The Palestinians, as a so-called people, emerged from this same poisoned well in the 1960s. Before then, they held Jordanian or Egyptian citizenship, their identity tied to broader Pan-Arab dreams or local tribal loyalties. The turning point came after Israel's stunning victory in the Six-Day War of 1967, when the Jewish state reclaimed Judea and Samaria, the biblical heartland cruelly dubbed the West Bank by its occupiers. Suddenly, overnight, these same individuals cast off their old nationalities and declared themselves Palestinians. 

It was a calculated ploy, as admitted by former PLO terrorist Walid Shoebat. Before defecting to the side of truth, Shoebat confessed: After the Six-Day War in 1967, I became a Palestinian overnight. This approach better helped us achieve our goals of removing the Jews from the land by us becoming displaced Palestinians in the eyes of the international community, instead of the Jordanian invaders that we were, both Jordanian, which was also a new national identity, and all flavour of Pan-Arab identity. Because in truth, before the 1960s there were no real Palestinian people. We were the first that started considering ourselves Palestinians and the first to be recognised as such by friends we had acquired from around the world.


This invention was no organic awakening. It was a strategic fabrication, timed to exploit Western guilt and reframe aggression as victimhood. The Eagle of Saladin became their badge, a supposed nod to a 12th-century hero who once cut down the infidels. But let us dispense with the romantic nonsense. Ancient Saladin eagles surely did exist, minted on coins after his death in honour of his brother. 
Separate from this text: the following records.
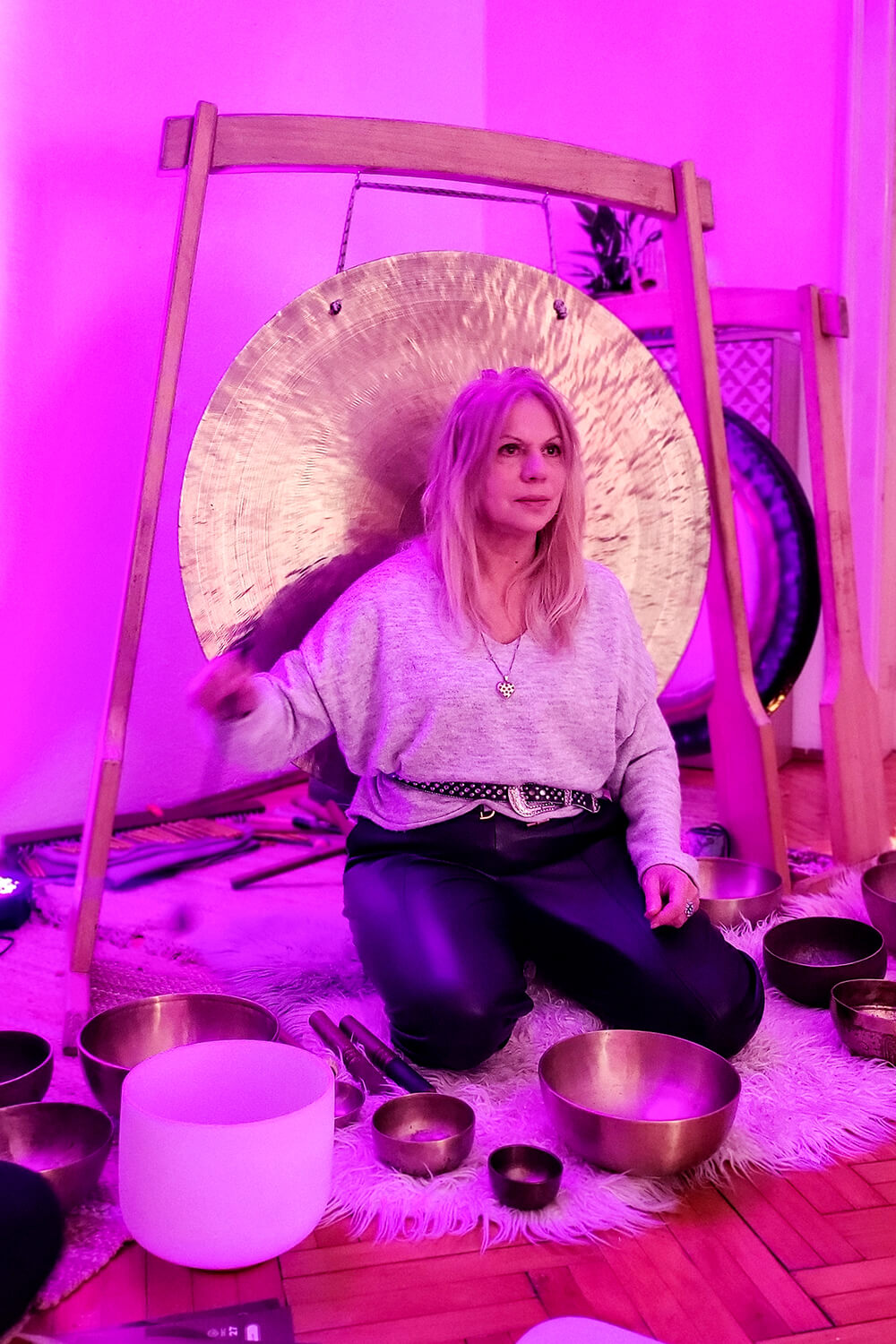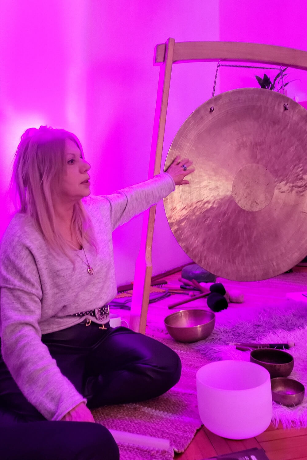 Gong proizvodi kompleksne, bogate harmonijske frekvencije koje ne deluju samo auditivno, već celim telom. Vibracije se prenose kroz nervni sistem, fasciju i telesne tečnosti, utičući direktno na autonomni nervni sistem.
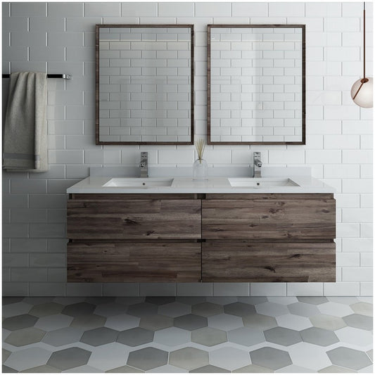 60 Wall Hung Double Sink Modern Bathroom Vanity w/ Mirrors, FVN31-3030ACA
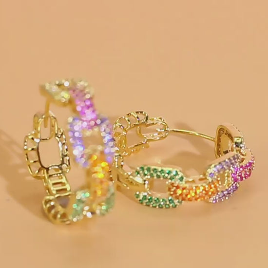 Bring a burst of vibrant color and luxury to your style with the Exquisite Color Hoop Earrings. Featuring colorful cubic zirconia stones set in an elegant 18K gold-plated design, these hoop earrings are perfect for parties and festive occasions. The exquisite chain design adds a touch of sophistication, making these earrings the perfect statement piece.
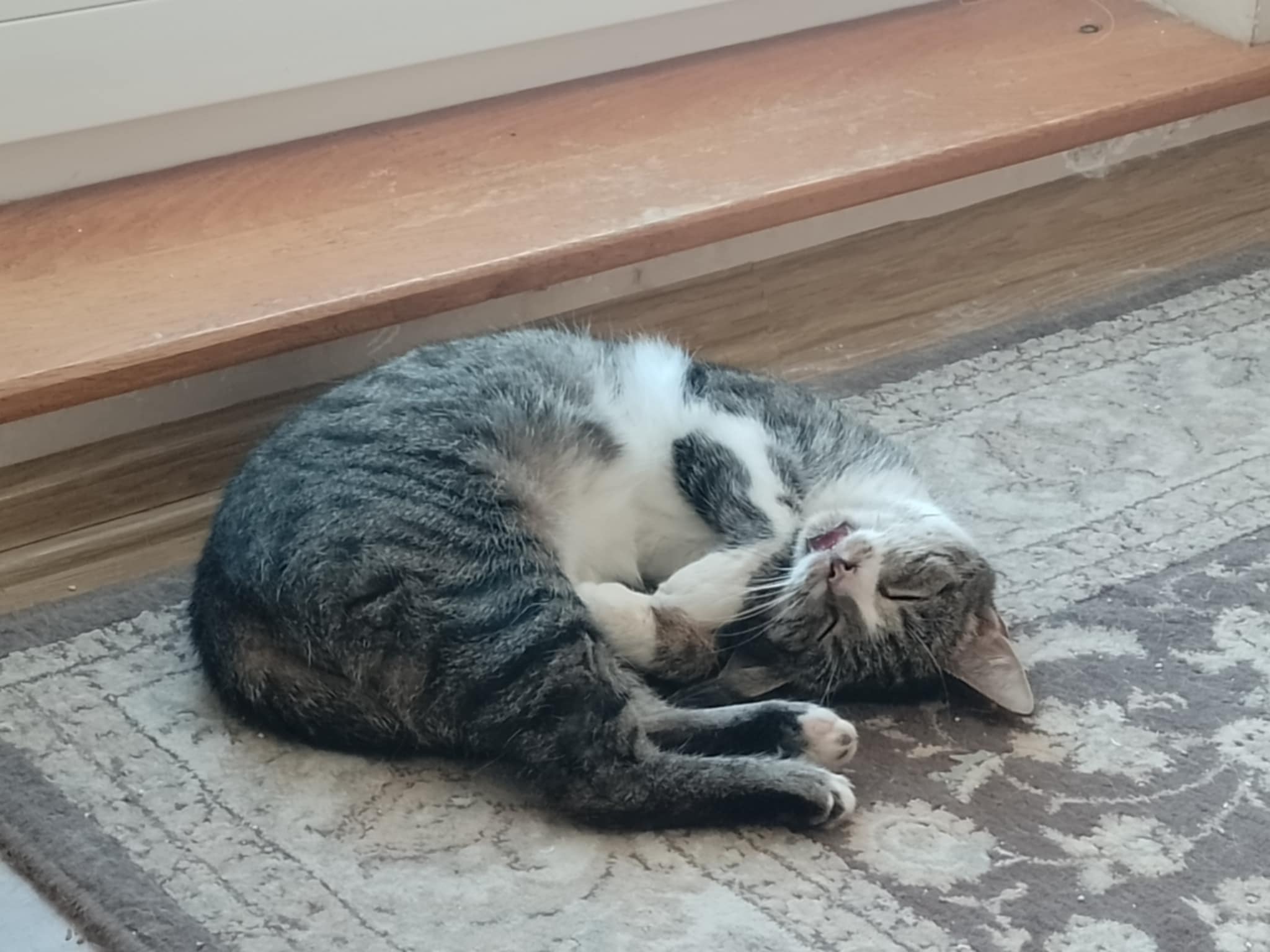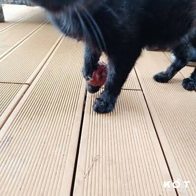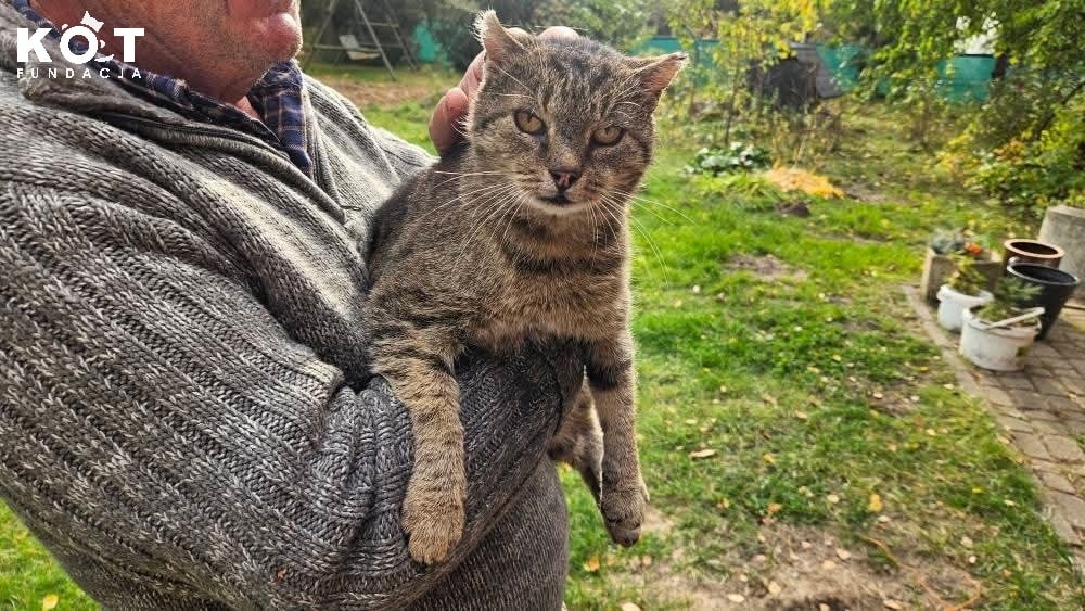 Ten kot kilka lat temu pojechał na gminną kastrację, wrócił z niej ze złamaną nogą. Nikt nie poinformował o tym karmicieli. O tym, że coś jest nie tak, dowiedzieli się, kiedy po odbiorze kota z gabinetu wypuścili go w miejscu bytowania, a ten pobiegł w siną dal. Szkoda tylko, że ciągnął za sobą nogę… Kot wrócił po tygodniu i przez 8 lat nie dał się złapać. Dopiero latem 2024 roku się to udało. Najprawdopodobniej przez to, że się gorzej poczuł.
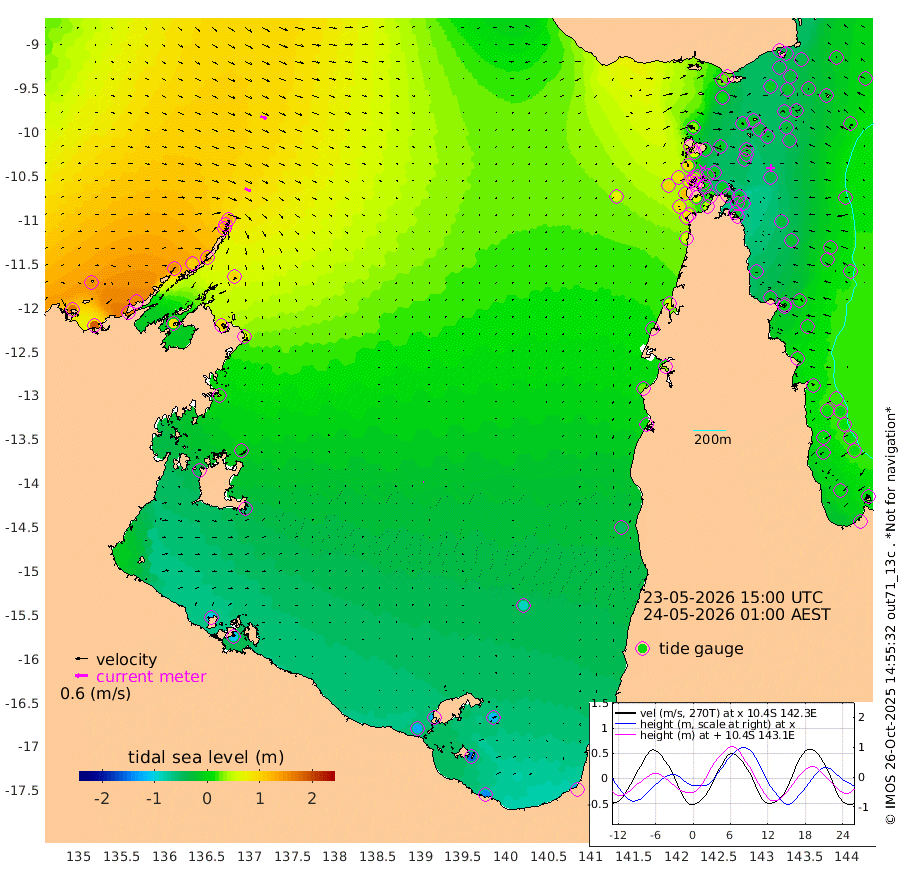 30cm/s 118T +3cm/s rms + 7cm/s -42T. ARA-GOC87 57m 4cm/s 86T +3cm/s rms + 2cm/s -2T. ARA-GOC87 60m 31cm/s 111T +2cm/s rms + 3cm/s 61T. ARA-GOC87 47m -35cm Daru -28cm Bobo Island 0cm Meer Island Barge -11cm Bramble Cay -25cm Unnamed Cay -22cm Pearce Cay -25cm Stephens Island -33cm Merrie England Shoals -34cm Mutacomal Reef -19cm Darnley Island Barge -2cm East Cay -24cm Yorke Island Barge -29cm Rennel Island -27cm Aureed Island -27cm Dungeness Reef -10cm Zagai Island -10cm Yam Island 27cm Dauan Island 27cm Saibai Island 2cm Phipi Reef -12cm Warrior Reef - West 32cm Mabuiag Island Barge -34cm Half Way Island -27cm Coconut Island -34cm Dugong Islet -22cm Poll Island -32cm Kirkcaldie Reef -14cm Suarji Island -20cm Sue Islet 92cm Hawkesbury Island -8cm Alert Patches -8cm Twin Island 78cm Badu Island -7cm St Pauls (Moa Island) 60cm Kubin (Moa Island) 13cm Ince Point 26cm Thursday Island 24cm Nardana Patches 46cm Turtle Head 71cm Round Island 81cm Goods Island 93cm Booby Island 88cm White Rocks Area 72cm Carpentaria 3cm Papou Point 116cm Bampfield Head 69cm Crab Island 83cm Red Wallis Island 61cm Packe Island -43cm Harrington Reef 92cm Herald Camp -15cm Sharp Point 39cm Red Island Point 21cm Possession Island -11cm Alpha Rock -21cm Frederick Point -24cm Wyborn Reef Light -22cm Tetley Island 5cm Triangle Reef -25cm Turtle Head Island 0cm Maclennan Cay 13cm Raine Island -26cm Mcsweeny Reef -20cm Collette Reef -2cm Shadwell Reef -24cm Hannibal Island -11cm Round Point 53cm Vrilya Point -13cm Cape Grenville -4cm Hicks Island 10cm Sir Charles Hardy Island -5cm Harvey Island -2cm Kay Reef 8cm Rocky Island 19cm Chapman Island 16cm Ham Reef 9cm Jubilee Reef 0cm Night Island 11cm Unnamed Reef No. 3 5cm Morris Island 12cm 1st 3 Mile Opening 6cm Creech Reef -4cm Fife Island 13cm Eden Reef 3cm Stanley Island 2cm Normanby River 169cm Yabooma Island 184cm Hutchison River 156cm Elcho Island 146cm North West Crocodile Island 121cm Cape Wessel 144cm Stevens Island 101cm Guluwuru Island 135cm Hopeful Bay 126cm Auster Point 128cm Two Island Bay 153cm Cadell Strait 87cm Mallison Island 90cm Melville Bay (Gove Harbour) 102cm Truant Island 57cm Cape Arnhem 16cm Cape Grey -4cm Hawk Island -41cm Milner Bay (Groote Eylandt) -59cm Cape Beatrice -109cm West Island -107cm Centre Island -123cm Mornington Island -120cm West Wellesley Islands -116cm Bountiful Island -137cm Albert River Mouth -151cm Sweers Island -142cm Karumba -89cm Nassau River Offshore -46cm Christmas Creek 5cm Archer River 27cm Boyd Point 37cm Weipa (Humbug Point) 17cm Pennefather River 56cm Cullen Point
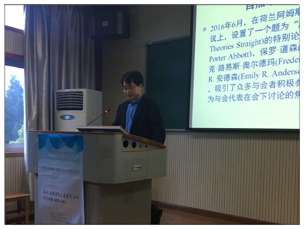 2017年4月25日下午,上海交通大学外国语学院尚必武教授为外院师生作了题为:“当代英国小说的非自然叙事:范式、作品与阐释”的学术讲座。外国语学院徐彬教授担任此次讲座的主持人,英语系主任方幸福教授出席了这次讲座,外院英语专业研究生、博士生踊跃参与并在讲座之后积极提问,讲座现场气氛活跃。 在梳理非自然叙事学产生背景的基础上,尚必武教授指出:一、叙事学的目的在于如何科学地考察作者讲述故事的方式,分析作品内在叙事结构,在此基础上讨论作者的叙事技巧和动机;二、非自然叙事学已经成为叙事学理论中一个激动人心的新领域,为文学研究提供了新方法。针对“小说是否已经死亡”的论题,尚教授还指出以Zadie Smith和David Mitchell等为代表的当代英国新生代作家的创作证明小说非但没有死还以更多更好的叙事形式展现出勃勃生机;面对当代小说的勃兴,文学评论家们应该具有一定的历史使命感。此后,尚教授提出非自然叙事中的五大非自然因子,并对这些非自然因子逐一举例说明。讲座过程中,尚教授展现出深厚的叙事学理论功底和文本分析能力,帮助华师师生扩宽了文学研究的视野。 徐彬教授对尚教授讲座的点评是:“尚教授的非自然叙事理论观点走在国际前沿。尚教授的知识储备广博,文学批评的审美取向别具一格。”。 讲座结束后,方幸福教授就“俄罗斯形式主义中的陌生化一说与非自然叙事的异同以及非自然叙事中的意识形态等问题”,博士生朱喜奎同学就“经典文学作品中的非自然叙事现象”向尚教授提问,均得到尚教授的详细解答。参加本次讲座的师生获益匪浅。
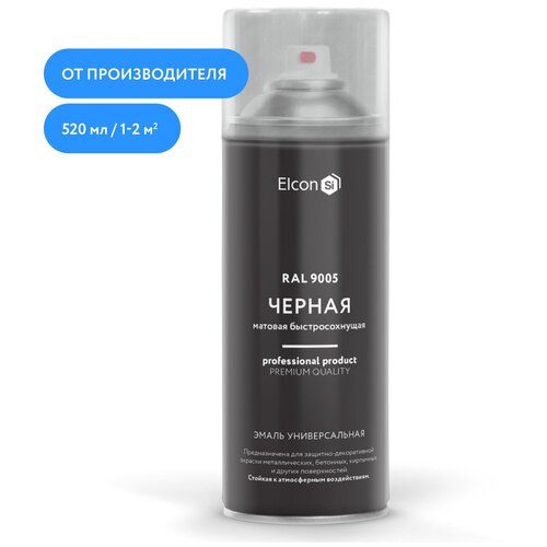 Аэрозольная краска Elcon Универсальная акриловая эмаль Elcon Быстросохнущая, Акриловая, Глянцевое покрытие, черный матовый
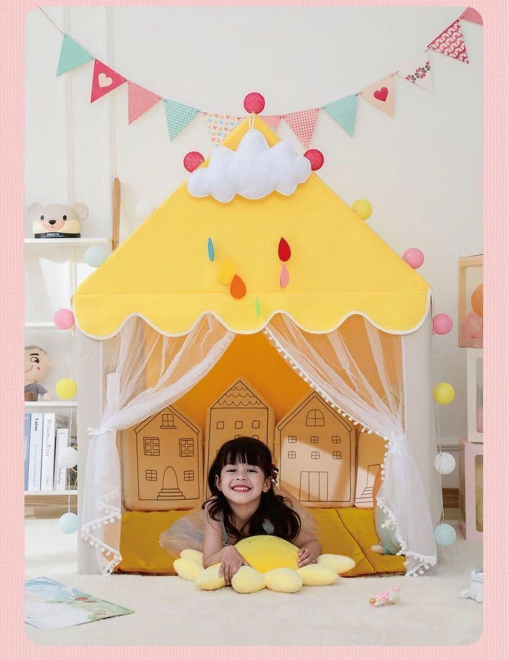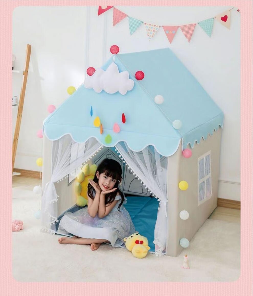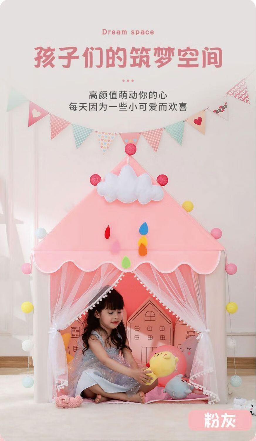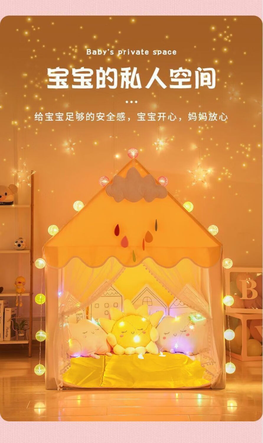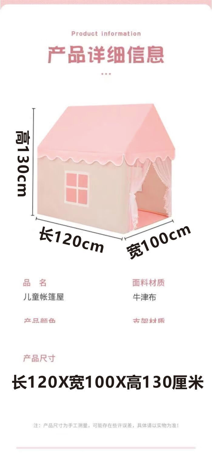 婕茵桐秘密基地小屋帐篷 游戏屋小房子城堡公主屋睡觉过家家玩具蚊帐 粉色帐篷【PVC杆】 帐篷+棉垫+彩灯+云朵+蝴蝶
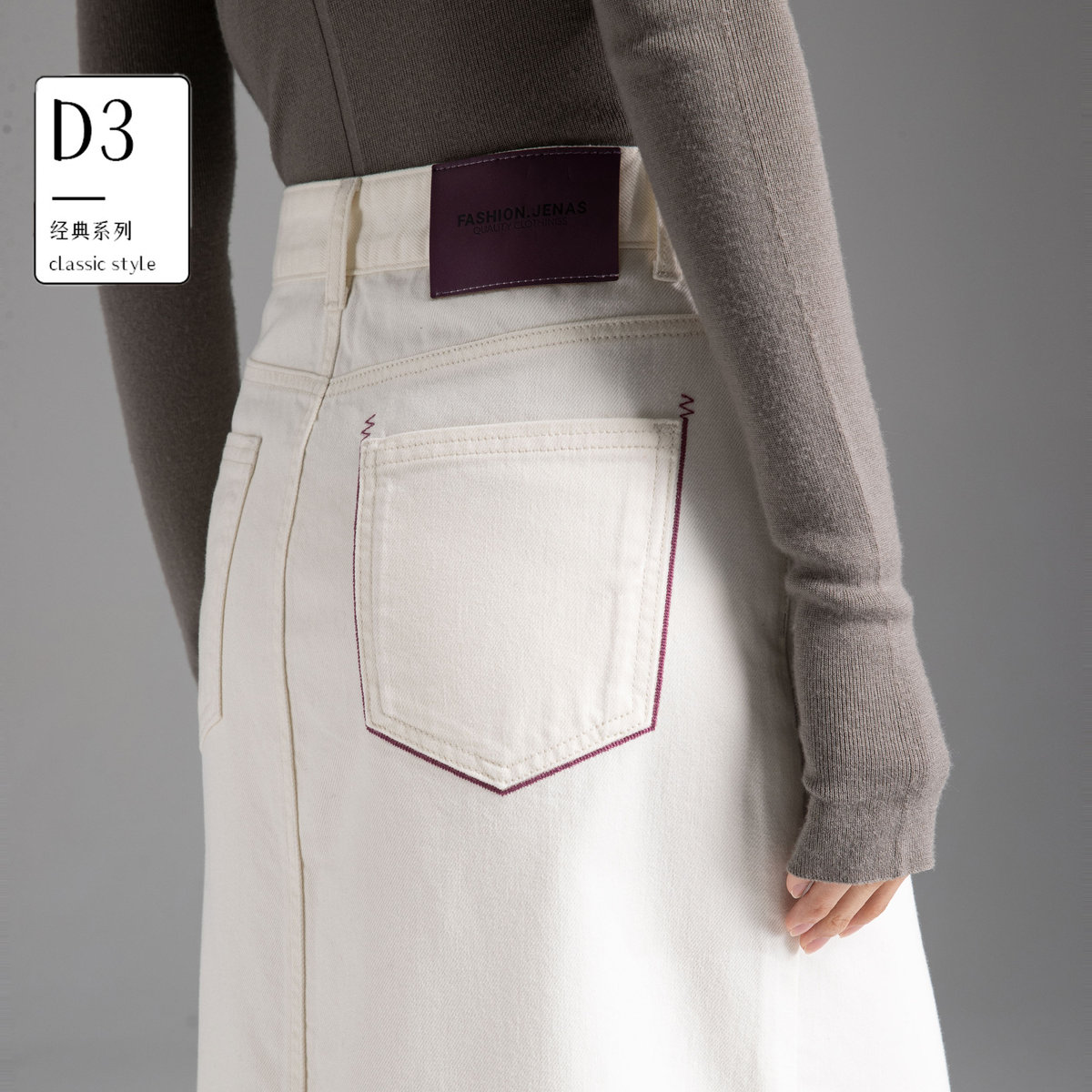 【拼接高腰】夏季时尚通勤风毛边牛仔半身裙女 991130

Those were double-headed, with flowing tails, no rigid shield, and certainly none of the telltale rightward glare or angled perch that screams Third Reich. The modern version? It's a post-war facsimile, stripped of the swastika to dodge outright condemnation but retaining every fascist flourish: the laurel wreath markings, the militaristic poise. Proponents wave vague Crusades-era banners to lend it antiquity, but the truth is plainer. It is Nazi iconography laundered through Islamic veneer, a dog whistle for those who dream of driving every Jew into the sea.


This is the genius of the propaganda: dress Nazi hate in heroic robes, and the gullible will applaud. Western liberals, ever eager for a cause, coo over it as an ancient symbol of unity, blind to how it channels the regime that industrialised Jewish genocide. Israel, the sole democracy in the region, stands as the bulwark against this resurgent evil. 

The Jewish people, returning to their eternal homeland after many generations of forced exile, face not a legitimate national rival but a phantom constructed for their destruction. People may flatter to deceive with symbols and they may lie, but historical facts don't. It's time to wake up. The Palestinian myth quickly unravels even under the lightest scrutiny, revealing not a people but a weapon, forged in the fires of Berlin and aimed at Jerusalem. Stand with Israel, the true heir to this land, and reject the shadows that seek to eclipse it.

1 comment:

  1. מצוין, נאמר יפה מאוד. אין לך מושג כמה הקלה זה לראות אנשים שאינם יהודים מודעים לדברים שידענו שהם עובדות כל חיינו. תודה ושלום לך, אחי!